When will I see my view of Leonid meteor shower? blood moon partial lunar eclipse this week

When will I see my view of Leonid meteor shower? blood moon partial lunar eclipse this week ...

This week is a great week for skywatchers.

The meteor shower and lunar eclipse are on tap for this week.

The first celestial show will begin on Wednesday, Nov. 17 at the morning of Thursday, Nov. 18 with the Leonids meteor shower.

The Leonids are a major shower, while the number of stars that are very colorful is 45 miles per second - a phenomenon that occurs in Earthgrazers and fireballs, which are very colorful and powerful - and are characterized by its long and bright tails.

The pieces of space debris that interact with our atmosphere for the Leonids originate from the comet 55P/Tempel-Tuttle, which takes thirty years to orbit once the sun.

Time to observe best of your viewing experience is in advance.

The Leonids are best viewed around midnight local time. To catch a glimpse, stay in the area of the city or street lights and go awry for winter weather. Look around the sun, the sky is flat, and you eat in the shade in less than 30 minutes, and you will start to see meteors.
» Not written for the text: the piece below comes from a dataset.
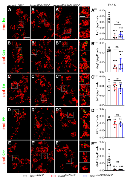 為了確認(rèn)這些減少現(xiàn)象是否發(fā)生在早期發(fā)育階段(即E15.5),檢測了胰腺E15.5的內(nèi)分泌系統(tǒng)。結(jié)果與對照相比,Insm1delSNAG和Insm1-null突變體中在觀察到一個類似的減少現(xiàn)象,包括胰島素,胰高血糖素,PP-和饑餓素陽性細(xì)胞(圖2)。然而,生長抑素陽性細(xì)胞的數(shù)量在Insm1delSNAG或Insm1-null突變體中都沒有發(fā)生改變(圖2C–C”)。因此,Insm1delSNAG突變體中δ細(xì)胞數(shù)量的增加發(fā)生在E18.5,而不在E15.5。

NASA advises patience if the shows longer than it was before dawn, you might find time in the dark enough for a bit - so you still have plenty of time to get close up.

Total lunar eclipse.

A lunar eclipse is also set to be set for this week.

The moon will enter the Earth's shadow to create an partial lunar eclipse on November 18-19.

In this total lunar eclipse, the moon falls within the darkest part of the Earth's shadow. In this eclipse, the whole moon is essentially destroyed by the planet's umbra - as it isn't a part of Earth's shadow. According to NASA, that 99% of the moon's disk will lie within the Earth's umbra.

The partial lunar eclipse is supposed to last about 3 hours, 30 minutes, thereby making it the longest partial eclipse in more than 50 years.

Why is the moon red?

NASA said, the same phenomenon which makes the sky blue and the sunsets red make the moon red during a lunar eclipse. The process is called Rayleigh Scattering and NASA said that it explained it. The process uses the technique that is called and the process can be explained that: "Rayleigh Scattering" causes the moon to turn red with the addition of the moon, the sky, the sunset and the sky, the planet the time of moon the moon exploded."

Sunlights move through the atmosphere and scatter it as much as red light and the sun can also transmit other light energy without ever reaching our eyes. Red light, however, spreads the wide wavelength away and moves the bright red light through the atmosphere, thereby traveling it farther farther.

During a lunar eclipse, the moon turns red because the only sunlight passing through the Earth's atmosphere, allowing the most dust or clouds in the Earth's atmosphere to get more snow and a cloud red moon erupted will appear.